(Data supplied)

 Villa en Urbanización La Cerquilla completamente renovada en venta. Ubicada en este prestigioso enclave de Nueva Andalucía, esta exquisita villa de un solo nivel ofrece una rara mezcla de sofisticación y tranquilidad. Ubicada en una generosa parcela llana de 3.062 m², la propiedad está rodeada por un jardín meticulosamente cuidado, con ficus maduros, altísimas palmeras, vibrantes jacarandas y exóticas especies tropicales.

(End Data supplied)
(Data supplied)

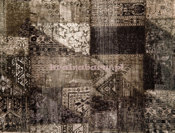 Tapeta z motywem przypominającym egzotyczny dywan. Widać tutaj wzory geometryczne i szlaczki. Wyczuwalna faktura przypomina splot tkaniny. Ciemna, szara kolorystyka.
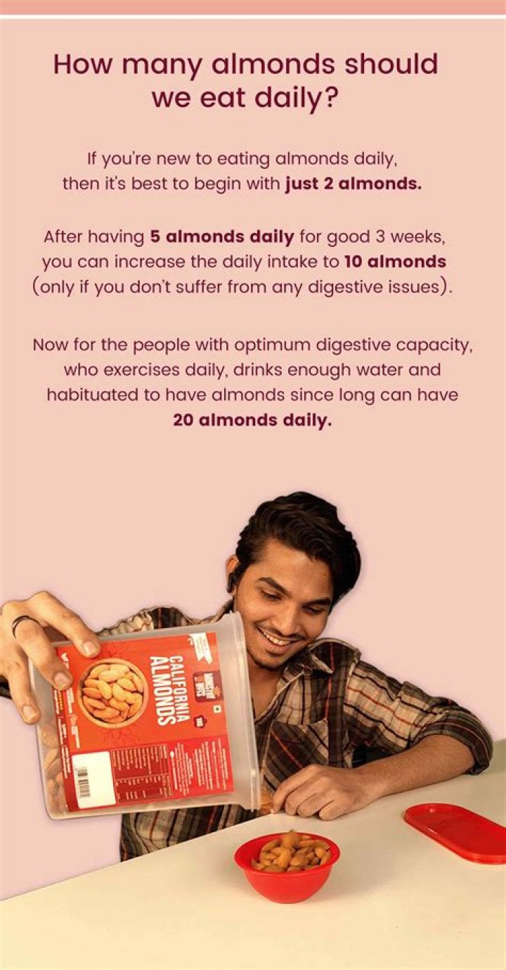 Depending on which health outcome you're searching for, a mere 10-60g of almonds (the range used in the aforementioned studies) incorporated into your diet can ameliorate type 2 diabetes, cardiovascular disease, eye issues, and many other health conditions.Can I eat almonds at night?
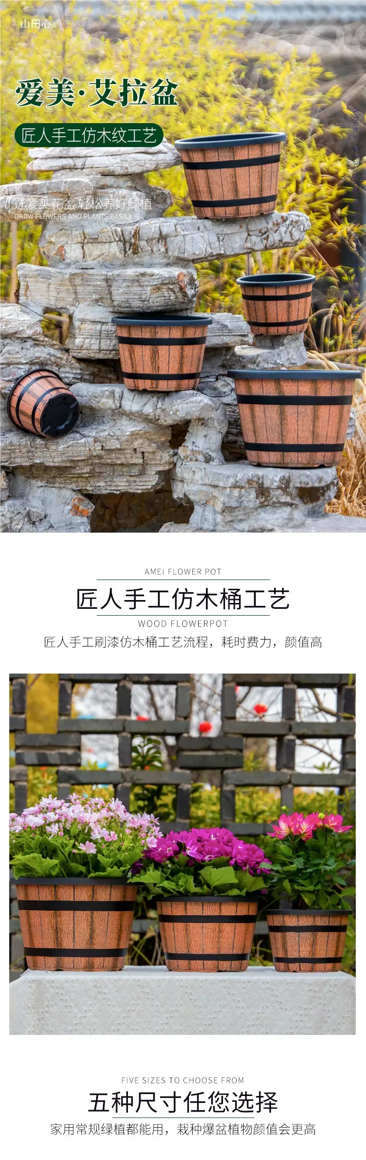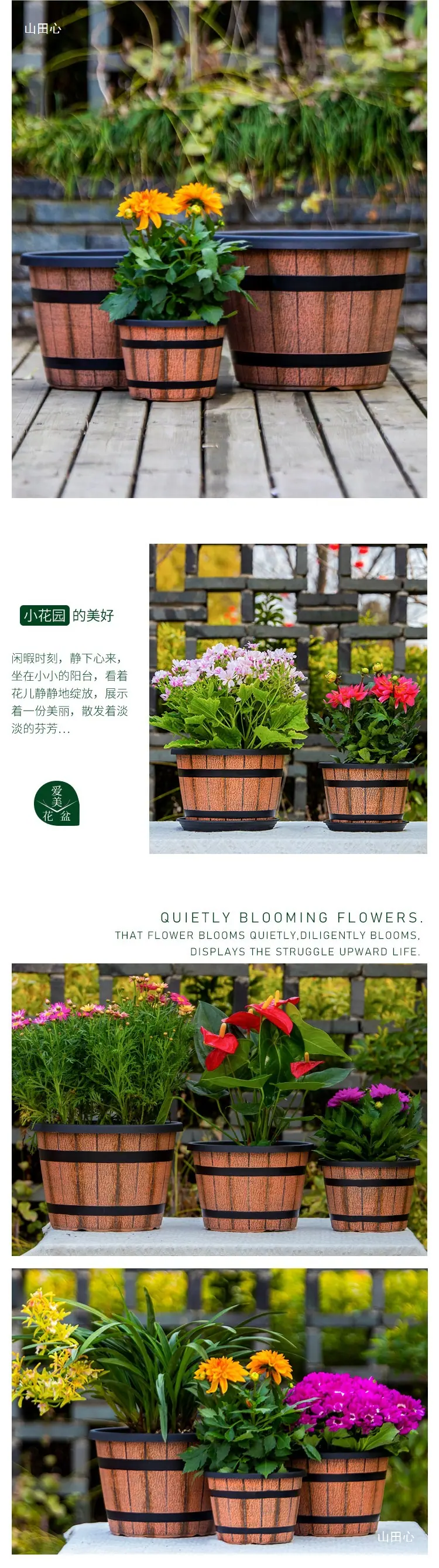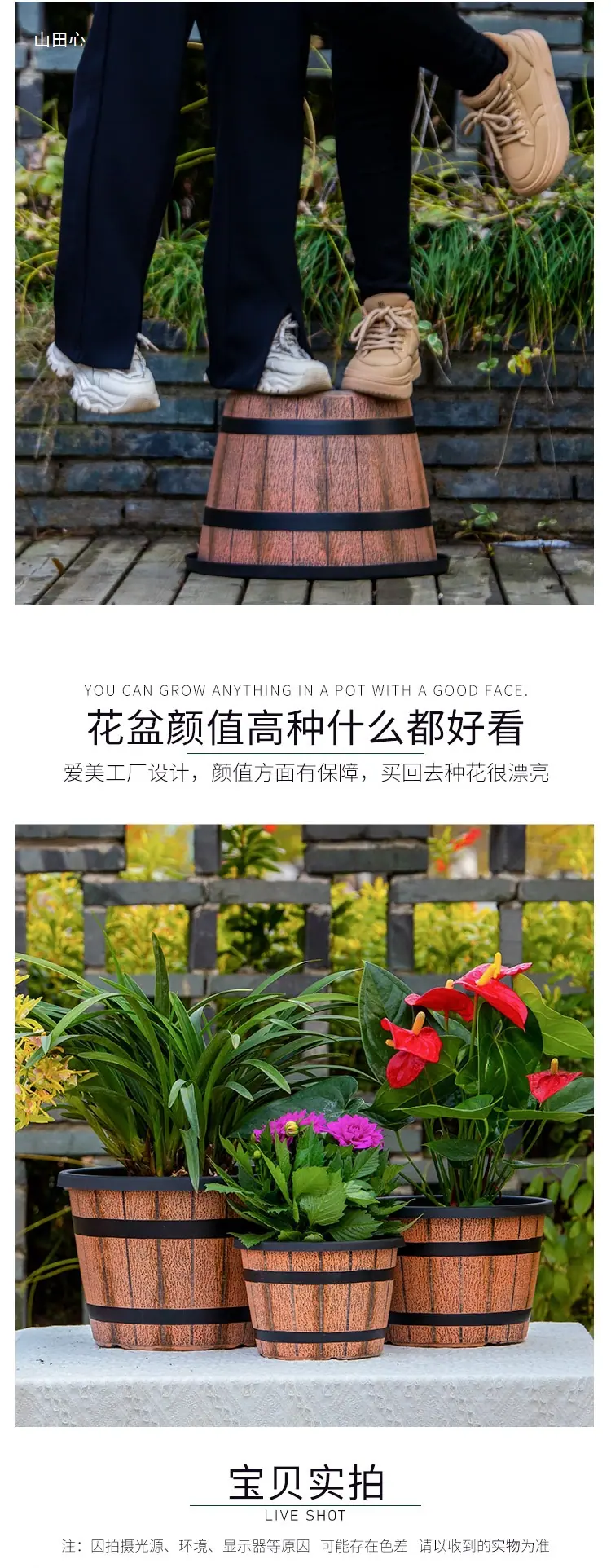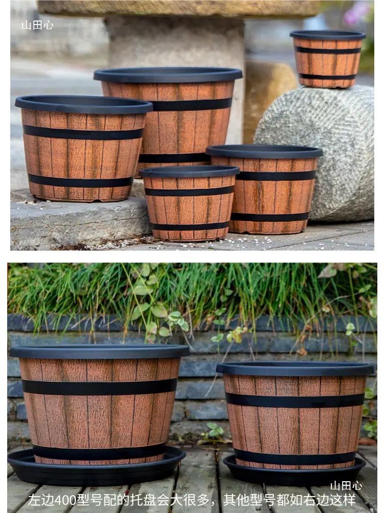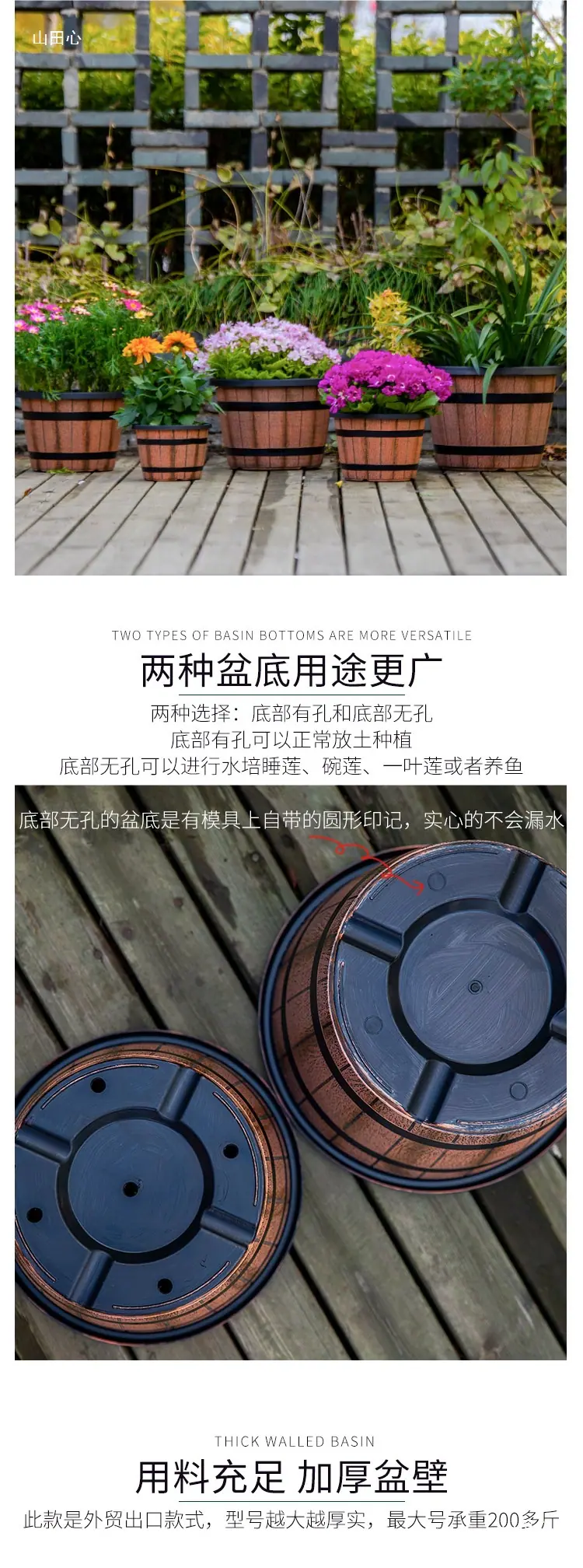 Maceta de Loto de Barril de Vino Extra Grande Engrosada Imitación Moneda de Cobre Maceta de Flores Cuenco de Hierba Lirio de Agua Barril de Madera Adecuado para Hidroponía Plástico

(End Data supplied)

What this task involves: Leaving pictures out, output the lines of the data above from the one with "Tapeta z motywem" through the one with "Maceta de Loto", word for word.

Expected answer:
 Tapeta z motywem przypominającym egzotyczny dywan. Widać tutaj wzory geometryczne i szlaczki. Wyczuwalna faktura przypomina splot tkaniny. Ciemna, szara kolorystyka.
 Depending on which health outcome you're searching for, a mere 10-60g of almonds (the range used in the aforementioned studies) incorporated into your diet can ameliorate type 2 diabetes, cardiovascular disease, eye issues, and many other health conditions.Can I eat almonds at night?
 Maceta de Loto de Barril de Vino Extra Grande Engrosada Imitación Moneda de Cobre Maceta de Flores Cuenco de Hierba Lirio de Agua Barril de Madera Adecuado para Hidroponía Plástico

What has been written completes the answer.